Three Types of Probes
Think of these as three different doctors, each asking a different question:
| Probe | Question | On Failure |
|---|---|---|
| Liveness | "Are you even alive?" | Restart the container (the Kubernetes equivalent of "have you tried turning it off and on again?") |
| Readiness | "Are you ready to work?" | Remove from Service endpoints (stop sending traffic) |
| Startup | "Are you done starting up?" | Keep checking (delays liveness/readiness checks) |
Liveness Probes
"Is my application alive or just pretending?"
If the liveness probe fails, Kubernetes kills the container and starts a new one. It's brutal, but effective. Like a bouncer checking if you're still conscious.
Use this to recover from deadlocks or stuck states.
HTTP Liveness Probe
The most common type for web applications — just hit an endpoint and see if you get a 200 back:
apiVersion: v1
kind: Pod
metadata:
name: liveness-http
spec:
containers:
- name: app
image: nginx
livenessProbe:
httpGet:
path: /healthz
port: 80
initialDelaySeconds: 5
periodSeconds: 10
timeoutSeconds: 3
failureThreshold: 3
| Field | Description |
|---|---|
httpGet.path | Endpoint to check |
httpGet.port | Port to connect to |
initialDelaySeconds | Wait before first check |
periodSeconds | How often to check |
timeoutSeconds | How long to wait for response |
failureThreshold | Failures before restarting ("three strikes and you're out") |
Kubernetes expects HTTP 200-399 for success. Anything else? That container is getting recycled.
TCP Liveness Probe
For non-HTTP services like databases or caches — just check if the port is open:
livenessProbe:
tcpSocket:
port: 3306
initialDelaySeconds: 15
periodSeconds: 20
Success means TCP connection was established.
Command Liveness Probe
Run a command inside the container — if it returns exit code 0, you're good:
livenessProbe:
exec:
command:
- cat
- /tmp/healthy
initialDelaySeconds: 5
periodSeconds: 5
Exit code 0 means success. Anything else means trouble.
Readiness Probes
"Is my application ready to receive traffic, or is it still warming up?"

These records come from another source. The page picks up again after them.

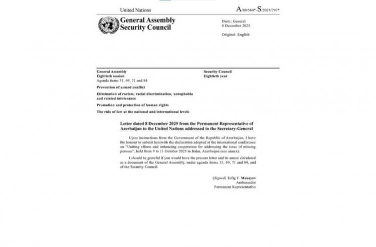 Bakıda itkinlərlə bağlı keçirilmiş beynəlxalq konfransda qəbul edilən bəyannamə BMT-nin rəsmi sənədi kimi dərc olunub
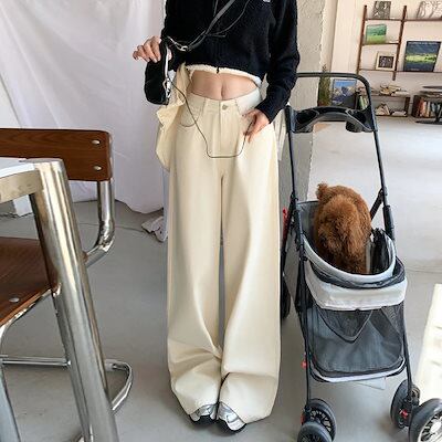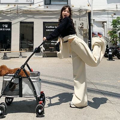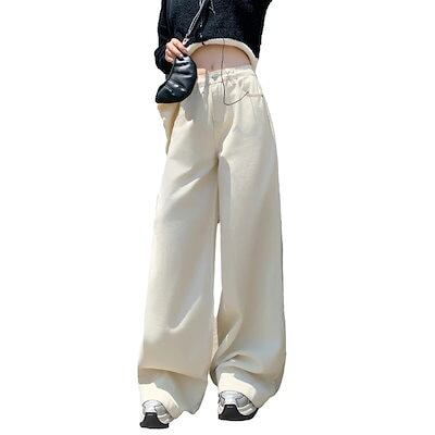 オールマッチ ジーンズ ドレープ マイラード ルーズ レディース カジュアル スリム コーヒーブラウン ワイドレッグ ストレートパンツ ハイウエスト
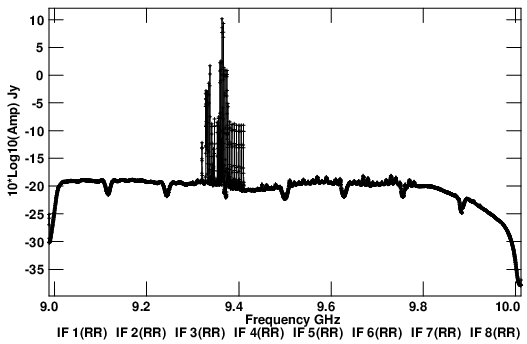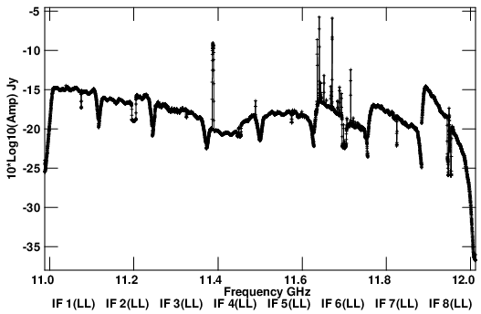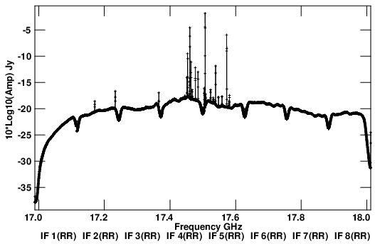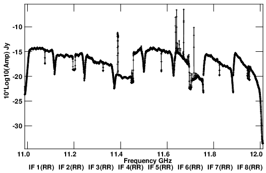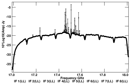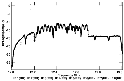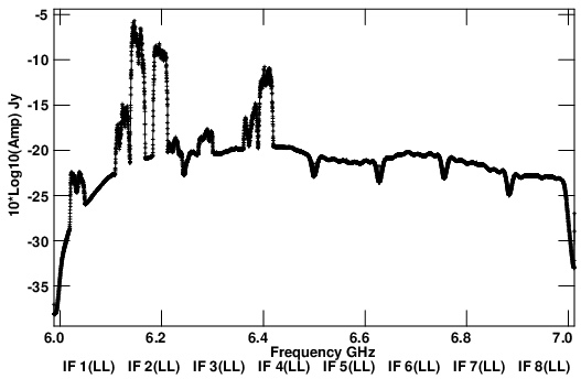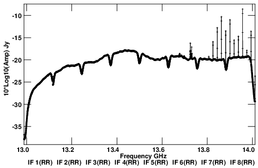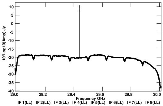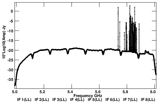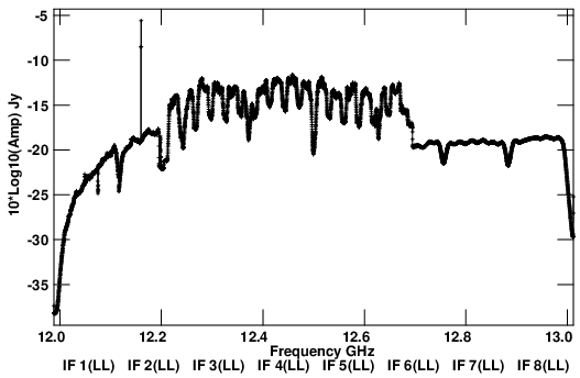 In addition, each link contains .CSV files. These files contain the values needed to plot Amplitude vs Frequency for the RR and LL correlations. Similar to the above, the values are scalar-averaged cross correlations, Hanning smoothing has been applied, and no bandpass calibration has been performed. The amplitudes are in Janskys calibrated using the system temperature of the antennas. Due to the gain compression effect the reported values are better thought of as lower limits than absolute fluxes of the RFI.

This is the key difference from liveness: if the readiness probe fails, the Pod is removed from Service endpoints — no traffic is routed to it. But the container is NOT restarted. It just gets taken out of the rotation until it's ready again.
Perfect for startup, loading data, or when your app is temporarily overwhelmed.
apiVersion: v1
kind: Pod
metadata:
name: readiness-demo
spec:
containers:
- name: app
image: nginx
readinessProbe:
httpGet:
path: /ready
port: 80
initialDelaySeconds: 5
periodSeconds: 5
successThreshold: 1
failureThreshold: 3
| Field | Description |
|---|---|
successThreshold | Successes needed after failure to be ready again |
Liveness vs Readiness — When to Use Which
This table will save you so much confusion:
| Scenario | Liveness | Readiness |
|---|---|---|
| Application deadlocked | ✓ Restart it | |
| Temporary overload | ✓ Stop sending traffic | |
| Warming up cache | ✓ Wait until ready | |
| Broken beyond repair | ✓ Restart it | |
| Database connection lost | ✓ Stop traffic until reconnected |
The rule of thumb: "Can it be fixed by restarting?" → Liveness. "Is it temporary?" → Readiness.
Use both together for the full picture:
spec:
containers:
- name: app
image: myapp
livenessProbe:
httpGet:
path: /healthz
port: 8080
initialDelaySeconds: 30
periodSeconds: 10
readinessProbe:
httpGet:
path: /ready
port: 8080
initialDelaySeconds: 5
periodSeconds: 5
Startup Probes
"My app takes 2 minutes to start. Won't liveness kill it before it's even ready?"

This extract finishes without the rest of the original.